# TASK PROMPT:
Your copy of the entries below should hold exactly the lines from the one containing "自延时门诊开展以来,兰大二院" to the one containing "(無休・年末年始は休み)三菱", inclusive, and no pictures.

MATERIAL TO PROCESS Block Start

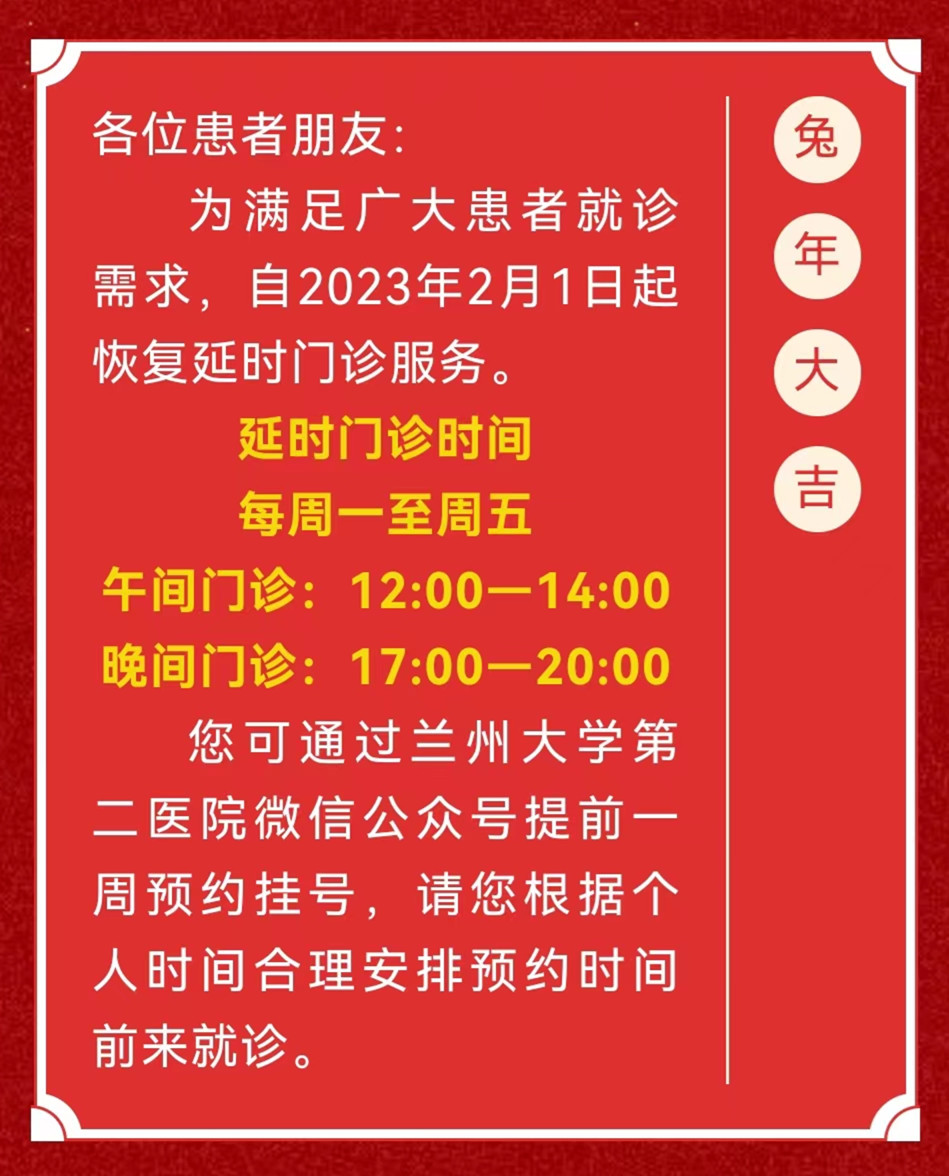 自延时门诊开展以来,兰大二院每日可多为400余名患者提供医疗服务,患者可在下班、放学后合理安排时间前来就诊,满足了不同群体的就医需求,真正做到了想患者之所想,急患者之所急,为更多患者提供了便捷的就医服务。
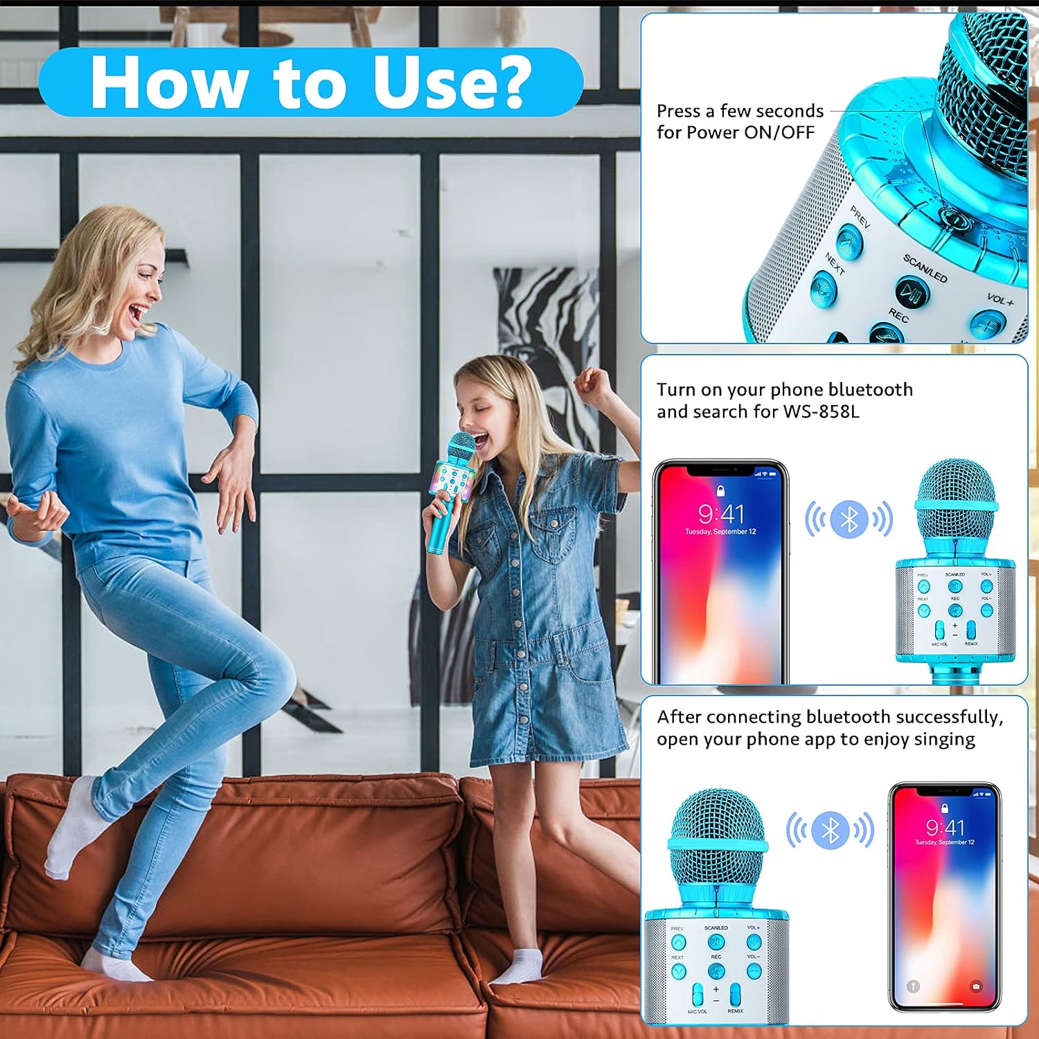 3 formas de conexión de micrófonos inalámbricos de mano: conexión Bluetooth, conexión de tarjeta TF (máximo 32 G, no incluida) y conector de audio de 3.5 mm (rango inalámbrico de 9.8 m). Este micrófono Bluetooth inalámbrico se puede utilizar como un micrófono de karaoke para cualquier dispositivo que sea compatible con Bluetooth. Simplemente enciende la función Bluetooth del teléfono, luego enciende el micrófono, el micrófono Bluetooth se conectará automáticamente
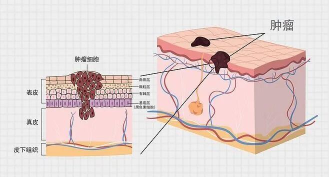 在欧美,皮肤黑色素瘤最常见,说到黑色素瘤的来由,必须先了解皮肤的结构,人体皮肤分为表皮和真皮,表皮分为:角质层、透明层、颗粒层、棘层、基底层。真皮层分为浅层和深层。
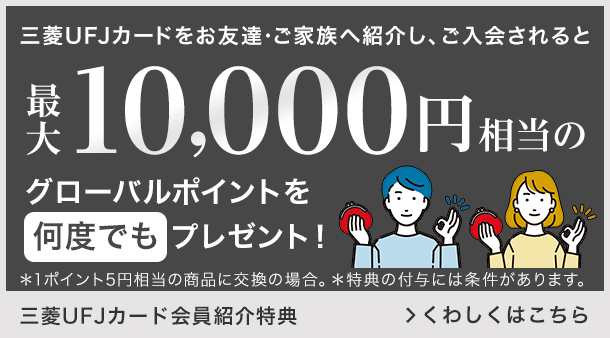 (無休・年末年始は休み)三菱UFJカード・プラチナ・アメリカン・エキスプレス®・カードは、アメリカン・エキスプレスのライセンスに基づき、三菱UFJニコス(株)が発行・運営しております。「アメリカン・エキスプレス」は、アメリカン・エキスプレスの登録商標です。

MATERIAL TO PROCESS Block End
MATERIAL TO PROCESS Block Start

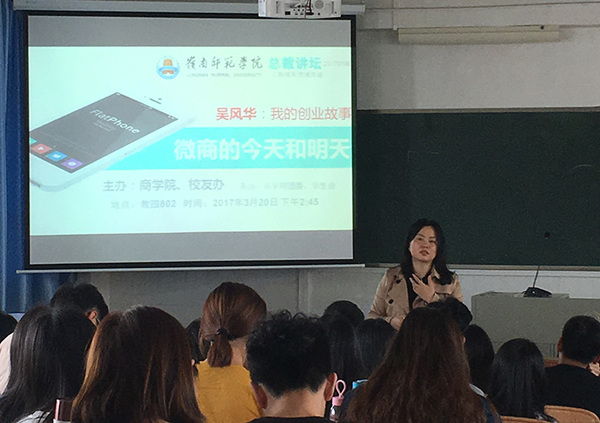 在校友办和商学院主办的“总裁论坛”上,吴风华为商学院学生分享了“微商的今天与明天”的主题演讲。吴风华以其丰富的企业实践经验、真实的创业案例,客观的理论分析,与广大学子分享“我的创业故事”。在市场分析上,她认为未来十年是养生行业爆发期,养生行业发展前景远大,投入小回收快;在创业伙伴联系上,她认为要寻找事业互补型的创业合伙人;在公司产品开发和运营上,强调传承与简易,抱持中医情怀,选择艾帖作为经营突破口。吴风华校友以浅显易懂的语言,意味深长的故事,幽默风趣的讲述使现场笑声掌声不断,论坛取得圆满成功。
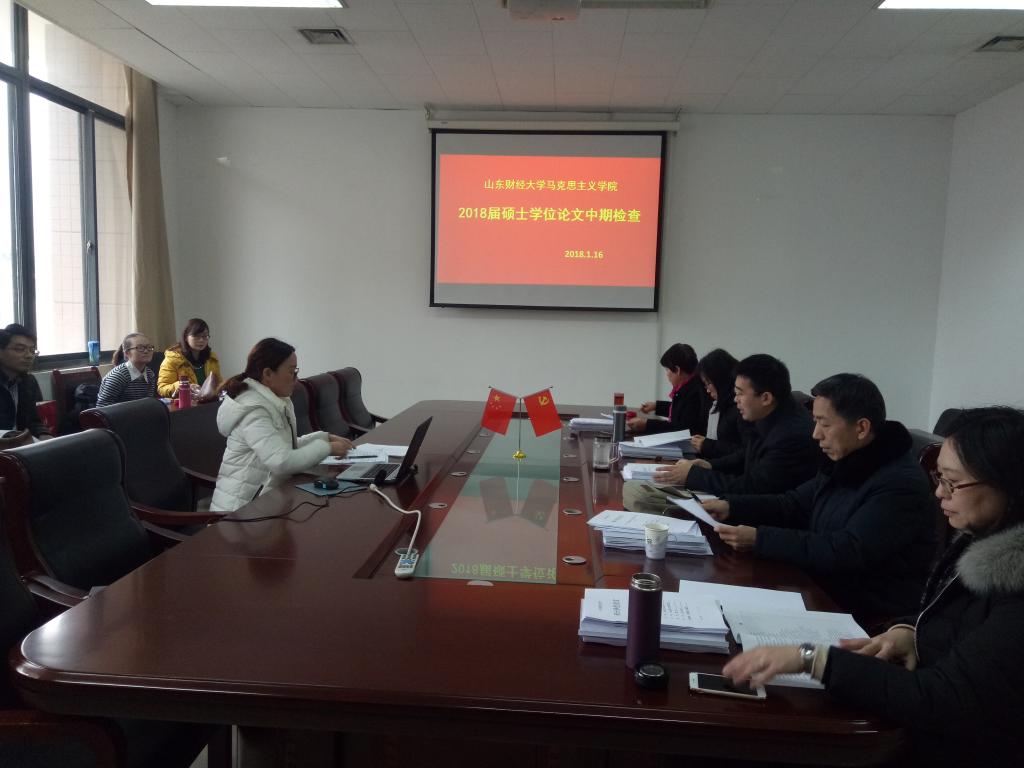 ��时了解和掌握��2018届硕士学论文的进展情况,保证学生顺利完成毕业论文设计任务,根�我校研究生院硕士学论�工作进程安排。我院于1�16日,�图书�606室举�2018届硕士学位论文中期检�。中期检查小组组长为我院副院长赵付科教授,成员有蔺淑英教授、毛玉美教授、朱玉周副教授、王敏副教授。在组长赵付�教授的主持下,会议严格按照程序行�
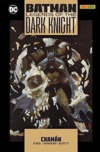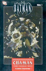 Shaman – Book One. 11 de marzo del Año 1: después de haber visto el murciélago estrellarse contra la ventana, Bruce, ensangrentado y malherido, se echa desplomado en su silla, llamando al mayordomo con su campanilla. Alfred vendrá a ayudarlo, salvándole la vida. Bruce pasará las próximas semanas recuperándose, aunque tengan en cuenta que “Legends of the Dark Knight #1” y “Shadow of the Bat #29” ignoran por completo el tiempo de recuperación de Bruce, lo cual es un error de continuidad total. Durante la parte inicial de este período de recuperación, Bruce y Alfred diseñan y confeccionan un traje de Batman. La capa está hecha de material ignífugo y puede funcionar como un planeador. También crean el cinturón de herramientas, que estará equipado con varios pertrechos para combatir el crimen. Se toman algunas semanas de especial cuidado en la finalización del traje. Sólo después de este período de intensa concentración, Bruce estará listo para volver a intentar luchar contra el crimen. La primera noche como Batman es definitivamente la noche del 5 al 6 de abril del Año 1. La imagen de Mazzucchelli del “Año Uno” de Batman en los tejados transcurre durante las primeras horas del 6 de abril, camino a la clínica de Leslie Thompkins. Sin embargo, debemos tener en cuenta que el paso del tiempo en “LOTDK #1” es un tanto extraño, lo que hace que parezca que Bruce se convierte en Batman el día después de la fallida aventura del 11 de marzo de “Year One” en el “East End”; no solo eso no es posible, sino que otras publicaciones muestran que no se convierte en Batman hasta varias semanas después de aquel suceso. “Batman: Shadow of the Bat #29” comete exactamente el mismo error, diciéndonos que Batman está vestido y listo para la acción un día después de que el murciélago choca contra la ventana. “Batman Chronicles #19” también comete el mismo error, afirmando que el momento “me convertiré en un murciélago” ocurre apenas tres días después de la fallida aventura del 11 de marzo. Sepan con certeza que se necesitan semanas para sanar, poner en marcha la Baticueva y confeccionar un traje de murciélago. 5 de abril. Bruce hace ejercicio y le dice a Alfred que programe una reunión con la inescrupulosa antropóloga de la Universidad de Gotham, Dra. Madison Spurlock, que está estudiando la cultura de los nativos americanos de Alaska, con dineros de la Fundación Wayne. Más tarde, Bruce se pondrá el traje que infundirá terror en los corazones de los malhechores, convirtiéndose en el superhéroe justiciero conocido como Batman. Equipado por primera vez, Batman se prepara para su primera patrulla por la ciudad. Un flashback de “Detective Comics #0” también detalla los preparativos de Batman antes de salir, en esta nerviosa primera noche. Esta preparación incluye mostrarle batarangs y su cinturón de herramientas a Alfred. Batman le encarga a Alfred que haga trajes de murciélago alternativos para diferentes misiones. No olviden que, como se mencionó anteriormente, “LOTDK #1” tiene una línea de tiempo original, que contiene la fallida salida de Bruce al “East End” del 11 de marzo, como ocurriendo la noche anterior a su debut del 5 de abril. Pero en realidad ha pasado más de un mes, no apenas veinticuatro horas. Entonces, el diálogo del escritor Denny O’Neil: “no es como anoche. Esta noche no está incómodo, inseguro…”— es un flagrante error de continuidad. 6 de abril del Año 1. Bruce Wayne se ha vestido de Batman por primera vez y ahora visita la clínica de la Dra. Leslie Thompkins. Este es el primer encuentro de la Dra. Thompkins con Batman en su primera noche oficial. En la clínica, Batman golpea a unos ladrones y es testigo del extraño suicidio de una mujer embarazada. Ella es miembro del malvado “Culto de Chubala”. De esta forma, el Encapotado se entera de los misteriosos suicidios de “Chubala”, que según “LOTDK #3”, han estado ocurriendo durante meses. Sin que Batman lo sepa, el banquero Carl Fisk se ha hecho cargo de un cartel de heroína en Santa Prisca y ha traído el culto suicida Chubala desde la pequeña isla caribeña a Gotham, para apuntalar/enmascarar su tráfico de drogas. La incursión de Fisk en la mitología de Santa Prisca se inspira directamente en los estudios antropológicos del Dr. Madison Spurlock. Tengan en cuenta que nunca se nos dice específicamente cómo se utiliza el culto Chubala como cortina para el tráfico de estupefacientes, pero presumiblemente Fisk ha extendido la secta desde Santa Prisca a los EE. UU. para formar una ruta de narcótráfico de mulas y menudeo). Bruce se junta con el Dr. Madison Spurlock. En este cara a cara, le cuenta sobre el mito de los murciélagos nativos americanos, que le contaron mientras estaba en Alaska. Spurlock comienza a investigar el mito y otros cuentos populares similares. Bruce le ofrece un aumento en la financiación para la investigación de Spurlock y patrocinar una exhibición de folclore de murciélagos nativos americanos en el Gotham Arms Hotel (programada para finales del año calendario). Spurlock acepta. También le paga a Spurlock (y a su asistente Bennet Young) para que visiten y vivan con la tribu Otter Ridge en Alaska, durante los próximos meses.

MATERIAL TO PROCESS Block End

# COMPLETED TASK:
 自延时门诊开展以来,兰大二院每日可多为400余名患者提供医疗服务,患者可在下班、放学后合理安排时间前来就诊,满足了不同群体的就医需求,真正做到了想患者之所想,急患者之所急,为更多患者提供了便捷的就医服务。
 3 formas de conexión de micrófonos inalámbricos de mano: conexión Bluetooth, conexión de tarjeta TF (máximo 32 G, no incluida) y conector de audio de 3.5 mm (rango inalámbrico de 9.8 m). Este micrófono Bluetooth inalámbrico se puede utilizar como un micrófono de karaoke para cualquier dispositivo que sea compatible con Bluetooth. Simplemente enciende la función Bluetooth del teléfono, luego enciende el micrófono, el micrófono Bluetooth se conectará automáticamente
 在欧美,皮肤黑色素瘤最常见,说到黑色素瘤的来由,必须先了解皮肤的结构,人体皮肤分为表皮和真皮,表皮分为:角质层、透明层、颗粒层、棘层、基底层。真皮层分为浅层和深层。
 (無休・年末年始は休み)三菱UFJカード・プラチナ・アメリカン・エキスプレス®・カードは、アメリカン・エキスプレスのライセンスに基づき、三菱UFJニコス(株)が発行・運営しております。「アメリカン・エキスプレス」は、アメリカン・エキスプレスの登録商標です。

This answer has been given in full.